For working with rigid or flexible substrates, the development system of choice is the printing and deposition system, used to develop production processes and produce sample output for evaluating fluid and substrate properties. Precise motion control of components is necessary to isolate characteristics of print head, fluid, and substrate dependencies.

Imaging Technology International (iTi) designs and builds all three types of development systems, production ink jet systems, and related material handling equipment, and provides integration services.

The main printing and deposition system is the XY Materials Deposition System (XYMDS, see photo), used by industrial users, ink developers, and print head suppliers for developing ink-jet-based production processes and jet-able fluids, and analyzing the interaction between fluids and solid substrates. In XYMDS, a rigid or flexible substrate is scanned under a stationary set of print heads.
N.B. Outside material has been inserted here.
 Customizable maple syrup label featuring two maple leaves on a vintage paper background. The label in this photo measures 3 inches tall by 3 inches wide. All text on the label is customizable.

The system produces samples for studying process speed, order of lay-down, resolution, and fluid-to-fluid and fluid-to-substrate interaction.
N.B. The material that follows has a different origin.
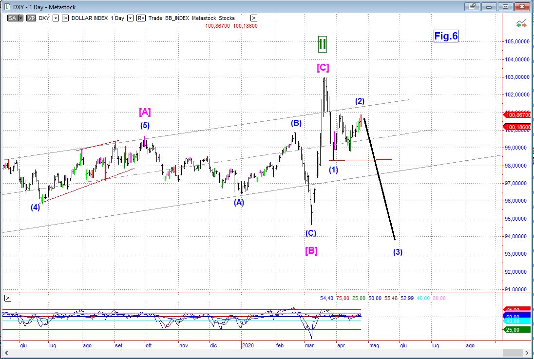 Ovviamente al di là dell’etichettatura serve la conferma che questo conteggio possa essere corretto e quindi serve che il minimo di onda [i] venga rotto al ribasso diversamente non possiamo fare altro che restare alla finestra. Quindi se l’onda [2] è realmente terminata sul massimo del 17 Aprile e quel massimo tiene, i prezzi dovrebbero già iniziare a scendere con forza dalla settimana prossima, mentre se quel massimo non tiene e verrà superato allora significa che l’onda [2] non era conclusa e servono altre suddivisioni. Sotto i tre indici su scala daily.

In developing an XYMDS, iTi engineers needed to integrate a controller from National Instruments and other motion control functions into a high-level software architecture. They then presented XYMDS as a network device in a production and laboratory environment, using the encoder as a synchronizing data clock for position- and velocity-specific processes and using the stages in a vector trajectory for ink-jet material deposition.

At the heart of the XYMDS is an X-Y stage that provides speeds to 1.0 m/sec, acceleration of 5 G, positional repeatability of ±1.0 µm and positional accuracy of 8 µm over 150 mm and 14 µm over 300 mm. The system uses stacked axes; one version also includes a rotary stage, so driven mass is approximately 25 kg. National Instruments' PCI 7342 two-axis servo-motor controller provides linear interpolation for multi-axis movement; it also features 32 bits of digital I/O capability for high-speed capture and RTSI bus for real-time synchronization.
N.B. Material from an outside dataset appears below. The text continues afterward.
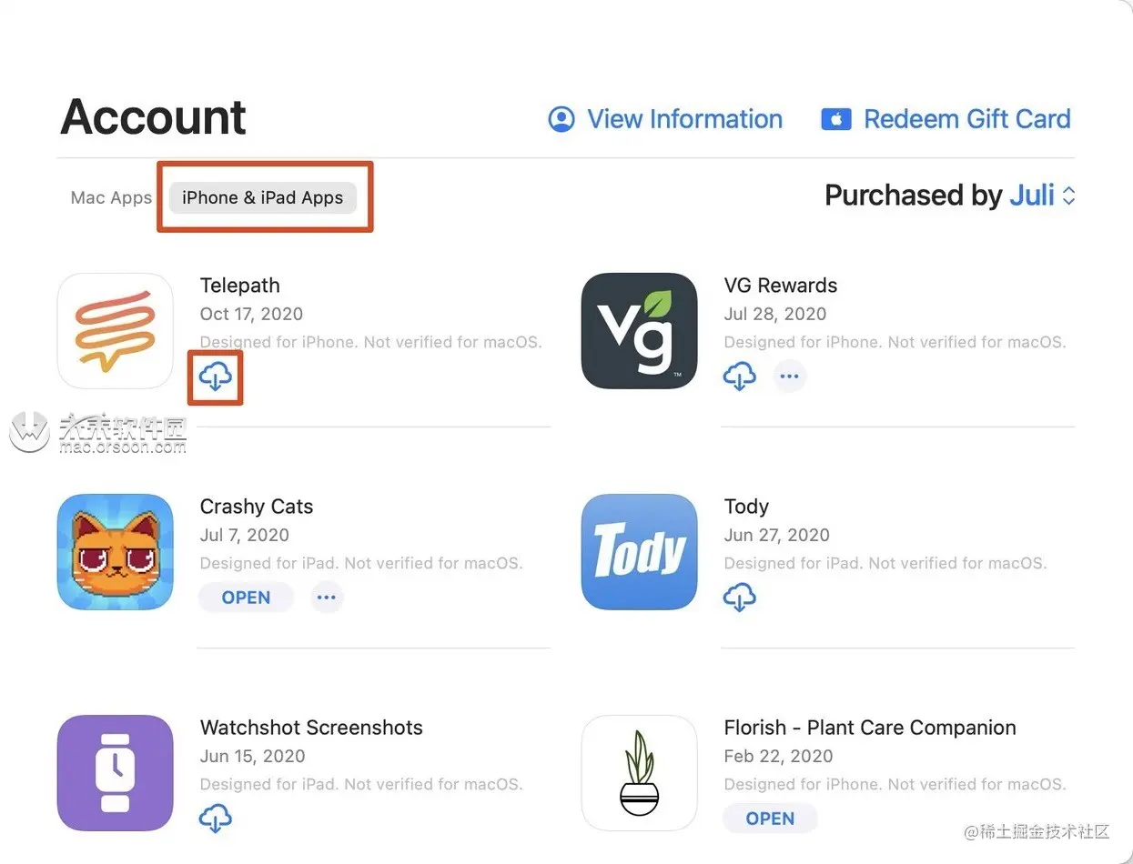 在Mac App Store中,您可以下载以前在iPhone或iPad上购买的许多应用程序。

For XYMDS axis-drives, Mark Einarson, territory manager at Western Technology, local distributor for Parker Daedal, helped choose a pair of Parker Daedal Aries drives.

With a Parker Daedal 406LXR linear-servo-motor table for the X axis and a 404LXR for the Y axis. These are slotless, brushless linear-servo motor/ square-rail bearing-positioners with high strength, extruded aluminum bodies with magnetically retained protective seals. They are powered by one rail of high-energy rare-earth magnets. Load bearing members provide heavy load and moment capacity, dynamic stiffness and precise straightness and flatness of travel. An integral linear encoder provides non-contact positional feedback with selectable resolutions from 0.1-5.0 µm and acts as a synchronizing data clock for position- and velocity-specific processes.

Einarson says the application required positioning accuracy and repeatability, which the 400LXR series provides.

System software runs on a standard PC running in a Microsoft Windows environment. iTi developed the software for the motion control, interfaced that with the nozzle layout geometry of the print heads, and coordinated the two, to put each droplet in the right place at the right time. iTi also provided a user interface to make it convenient for process development, writing most of it in C++, with a few parts in N400LXR series NI LabView.

iTi's 2.0 version of XYMDS uses lighter platens to allow higher speeds and better acceleration. This unit uses a Parker 6K multiaxis motion controller.

A redesigned platen removed some weight to boost speed and eliminate errors caused by vibration or motion; part of the challenge was to provide a mechanical platform stable enough for these stages. Isolating electronics below the granite has reduced the possibility of vibration and prevented unwanted movement. With several hours of running, some systems with X-Y tables actually can vibrate across a room.